Stars form from interstellar molecular gas clouds which undergo gravitational collapse until the core becomes dense (pressure) and hot (temperature) enough--a temperature of 14 million degrees—to ignite the hydrogen (which makes up 90% of the gas cloud). The heat creates pressure which pushes back on the gravity and counteracts it. The pressure comes from both the motion of the particles (mostly) and the photons being emitted. "The ignition is not a chemical reaction like in a car engine -- it's the initiation of nuclear fusion. This is the process in which hydrogen converts into helium with a slight loss of mass and the subsequent creation of energy (via Einstein's equation E = mc², where E is energy, m is the mass lost, and c is the speed of light)" (Kaler, 2004).
Thus, fusion describes the conversion of mass into energy. The conversion of hydrogen to helium is called "hydrogen burning". The mass which is lost is released as energy. "After a tortuous trek lasting up to a million years, the core-generated energy works its way up to the surface and is radiated into space, mostly as light" (Terence Dickinson. The Universe and Beyond. (1999). New York, Firefly Books).

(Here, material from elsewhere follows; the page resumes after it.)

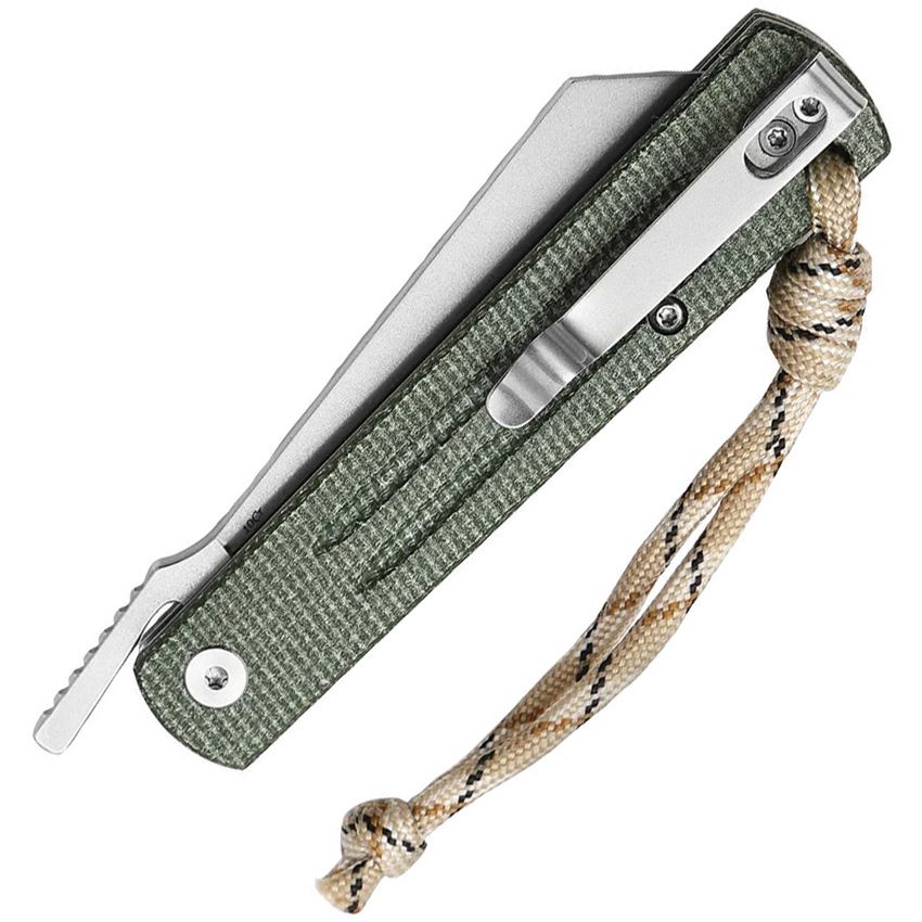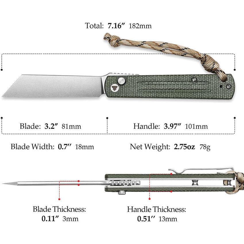 Model/Item/Part Number - TVTY11GM10. Trivisa Hydra Button Stonewash Lock Knife Green Micarta Handle. 4"" (10.16cm) closed. 3.25"" (8.26cm) stonewash finish 10Cr15CoMoV stainless blade. Green canvas micarta handle. Extended tang. Lanyard hole. Pocket clip. Boxed. Made in China.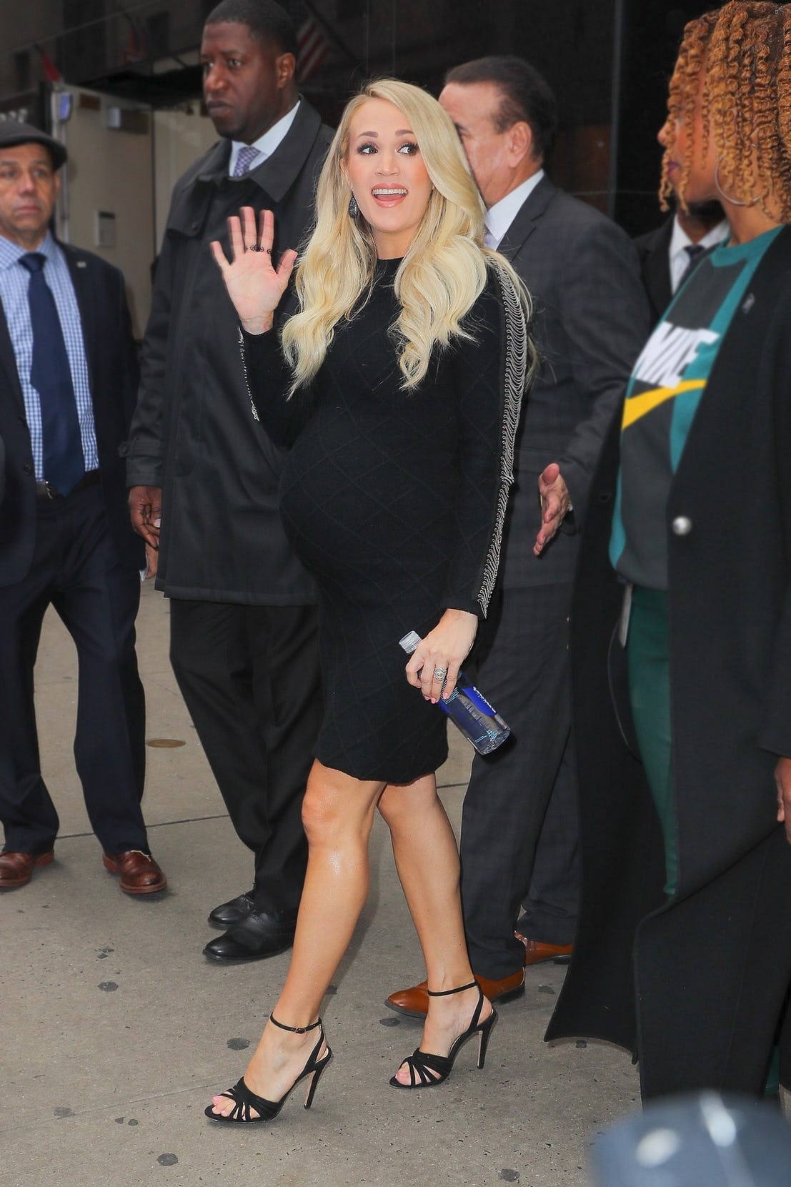 Even a simple black dress looks absolutely fabulous on a pregnant Carrie, and this one even has edgy sleeves to spice things up a bit — because by now we know that Carrie prefers her looks a bit more intricate. The pic was taken this past November while leaving Good Morning America in New York City. And yes, we have to mention it again: Carrie is the queen of showing legs while pregnant, and we are so here for it! The singer always manages to look effortlessly perfect with her baby bump, and we are attributing that to the infamous pregnancy glow!

Stars remain stars out of a balance between gravity and pressure. The bigger the star, the higher the temperature in the middle has to be; the hotter the temperature, the faster the nuclear processes happen. "The maximum mass seems to be around 100 to 120 solar masses. If a star more massive than this should form, it would be ultraluminous, shining a million times brighter than the Sun, and would tear itself apart by the pressure of its own powerful radiation. The lower limit of a real star is 0.08 solar mass. Below this limit, the central pressure -- and therefore temperature -is too low to ignite the gas" (Kaler, 2004).
When the star has used up all of the hydrogen at its core, nuclear fusion stops, and the star changes form and eventually "dies."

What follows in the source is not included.